=== Given data ===

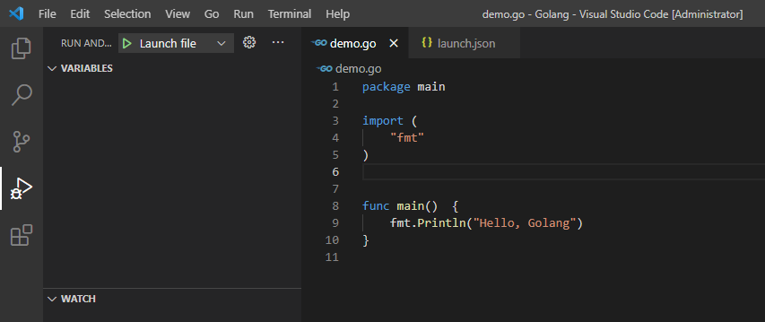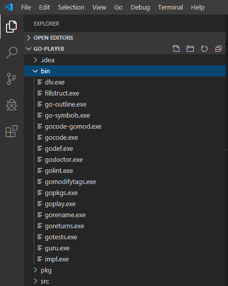 使用这种方法,需要安装一个 dlv,VS Code 会提示你安装它,安装完成后你会在 bin 目录下发现 dlv.exe。
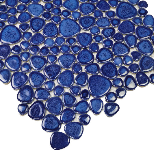 Navy Blue Pebble Porcelain Mosaic Tiles For Pool And Bathroom FCCPT104
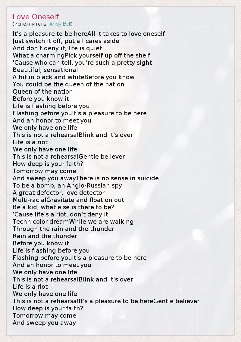 А как ты думаешь, о чем песня "Love Oneself" ?
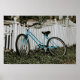 Póster Bicicleta turquesa inclinada sobre una cerca blanc

===

What the task asks →
Please print the listing above again word for word, without its pictures.

Written answer →
 使用这种方法,需要安装一个 dlv,VS Code 会提示你安装它,安装完成后你会在 bin 目录下发现 dlv.exe。
 Navy Blue Pebble Porcelain Mosaic Tiles For Pool And Bathroom FCCPT104
 А как ты думаешь, о чем песня "Love Oneself" ?
 Póster Bicicleta turquesa inclinada sobre una cerca blanc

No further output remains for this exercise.